Horncastle had saved his boy."

"Yes," said Demorest; "but what has that to do with it?"

"Nothing, I reckon," said Jack, with a slight shrug of his shoulders, "only Mrs. Horncastle was the mother of the boy that's lying there."

. . . . . .

Two years later as Demorest and Stacy sat before the fire in the old cabin on Marshall's claim--now legally their own--they looked from the door beyond the great bulk of Black Spur to the pallid snow-line of the Sierras, still as remote and unchanged to them as when they had gazed upon it from Heavy Tree Hill.
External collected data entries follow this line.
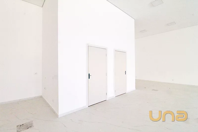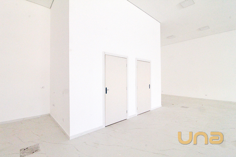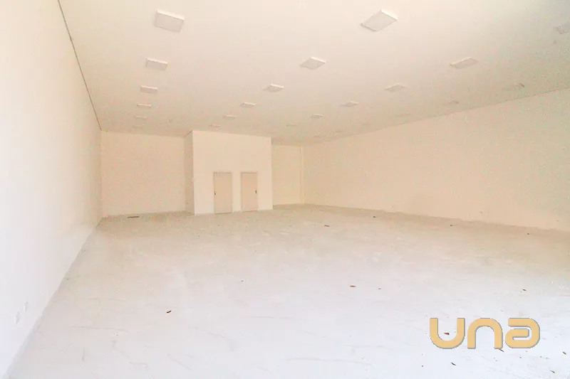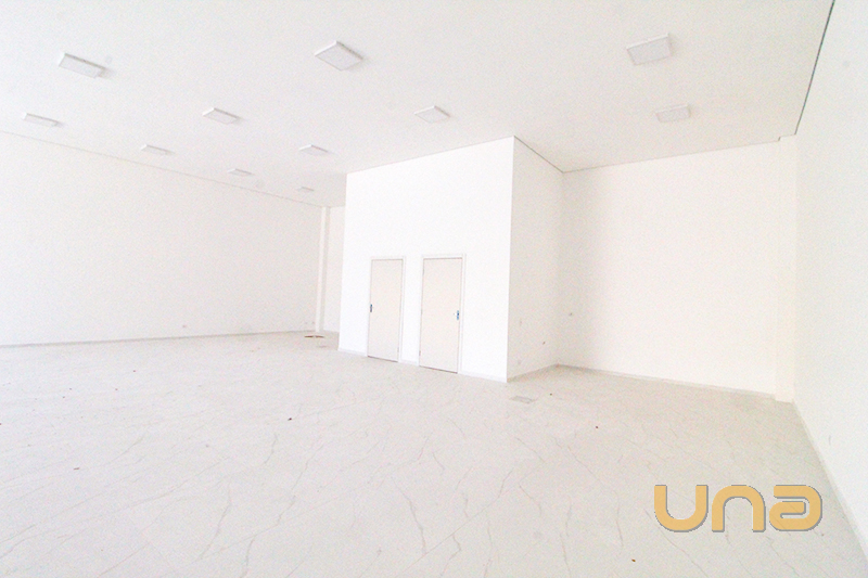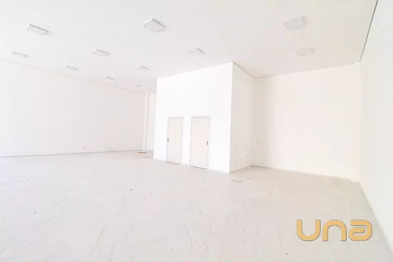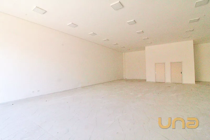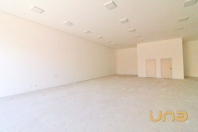 Loja com 200m², pé direito duplo e cinco vagas de estacionamento.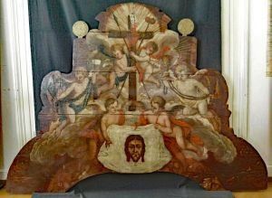 Auf der Türtafel wird dem Betrachter der Sündenfall der Menschheit angedeutet. Hier sind unsere Stammeltern Adam und Eva unter einem Apfelbaum dargestellt. Darüber erkennt man zwei Bildtafeln mit den Szenen, die das Leiden Christi symbolisieren, nämlich die Geißelung und die Dornenkrönung. Die aus Holz gefertigten Kulissen, welche diese Schaubühne umrahmen, sind jeweils mit einem weissagenden Propheten aus dem alten Bund bemalt. Über der Gesamt-konzeption tragen nette typisch gestaltete Barockengel die Marter-Werkzeuge, die wir aus der Leidensmission Christi kennen. Die Malerei ist das Werk eines für die damalige Zeit hervorragenden, aber unbekannten Künstlers. Es könnte sein, dass der Maler sich damals auf der Durchreise in unserer Gegend befand. Es war damals üblich, dass z. B. Kirchenmaler, die im Moment keinen Auftrag zu erledigen hatten, solche kleineren Arbeiten gerne angenommen hatten, ehe sie weiterzogen,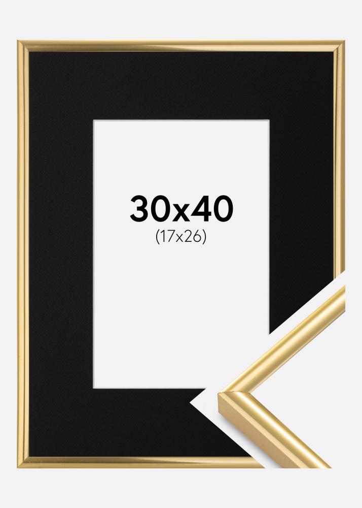 Moldura Victoria Dourado 30x40 cm - Passe-partout Preto 18x27 cm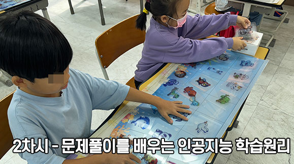 다양한 바다생물과 육지생물 카드, 맵을 이용한 코딩교육으로 인공지능의 비지도 학습개념을 적용하여 학생들이 직접 이야기를 만들고 이를 문제로 만들어 공유하는 코딩 프로그램입니다.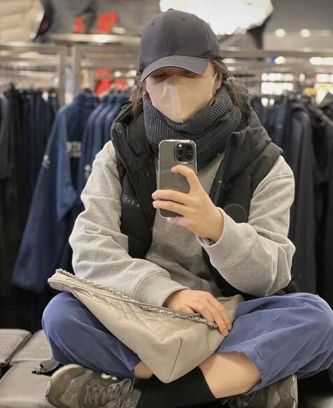 照片中,李佳身穿灰色卫衣和黑色马甲,头上戴着一顶帽子,把自己裹得严严实实,打扮朴素低调似路人,超接地气。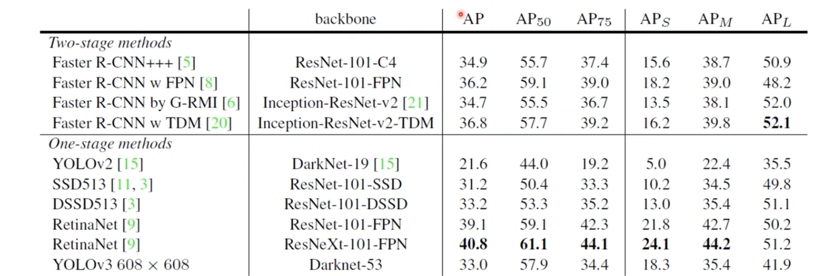 - 다만, AP50 (IOU threshold가 0.5) 에서는 준수한 성능을 보입니다.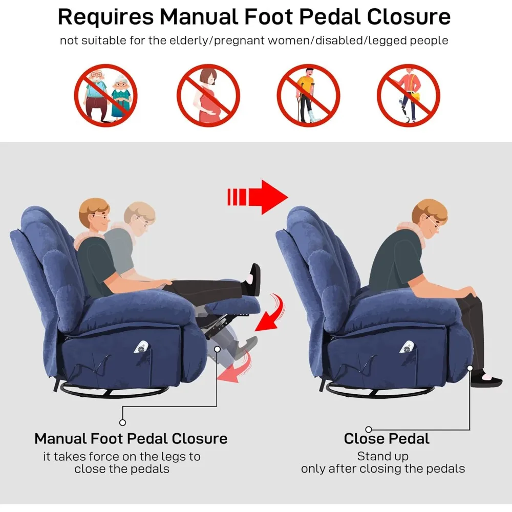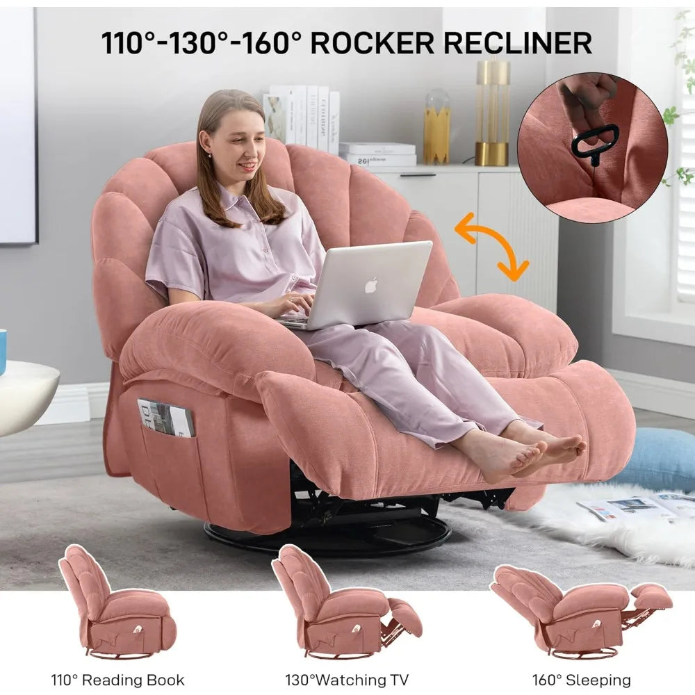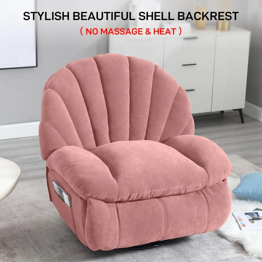 Recliner Chair Rocker Swivel, Comfortable Soft Fabric Shell Shape with Storage 360 Swivel Manual Big Tall Single Reclining Sofa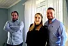 Daglig leder Erling Berven Holstad (fra venstre), boligrådgiver Marianne Holm-Johansen og eier Jim Holm-Johansen i i den nye Archihus-forhandleren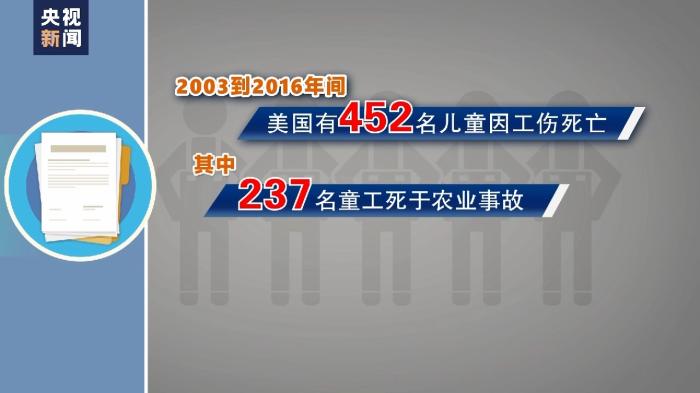 農(nóng)業(yè)領(lǐng)域是美國(guó)雇傭童工的重災(zāi)區(qū)之一。據(jù)美國(guó)非營(yíng)利組織“農(nóng)場(chǎng)工人就業(yè)項(xiàng)目聯(lián)合會(huì)”提供的數(shù)據(jù),美國(guó)仍有50萬至80萬名童工在農(nóng)場(chǎng)工作。農(nóng)場(chǎng)勞作繁重、條件艱苦,童工還常被置于因天氣、農(nóng)藥及使用農(nóng)具農(nóng)機(jī)所產(chǎn)生的危險(xiǎn)中?!度A盛頓郵報(bào)》報(bào)道,2003年至2016年間,美國(guó)有452名兒童因工傷死亡,其中237名童工死于農(nóng)業(yè)事故。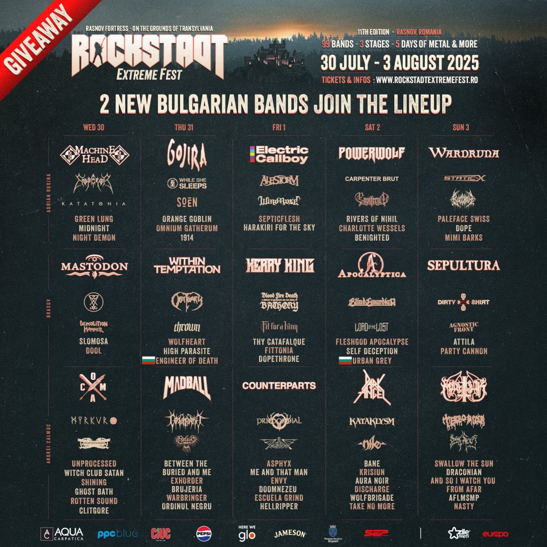 Rockstadt Extreme Fest 2025, 30.07 – 03.08.2025, Râșnov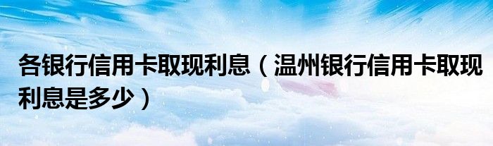 大家好,小元来为大家解答问题。各银行信用卡取现利息,温州银行信用卡取现利息是多少这个很多人还不知道,现在让我们一起来了解下吧!

And, for the matter of that, they themselves seemed to have been left so unchanged that even now, as in the old days, it was Barker's voice as he greeted them from the darkening trail that alone broke their reverie.

"Well," said Demorest cheerfully, "your usual luck, Barker boy!" for they already saw in his face the happy light they had once seen there on an eventful night seven years ago.

"I'm to be married to Mrs. Horncastle next month," he said breathlessly, "and little Sta loves her already as if she was his own mother. Wish me joy."

A slight shadow passed over Stacy's face; but his hand was the first to grasp Barker's, and his voice the first to say "Amen!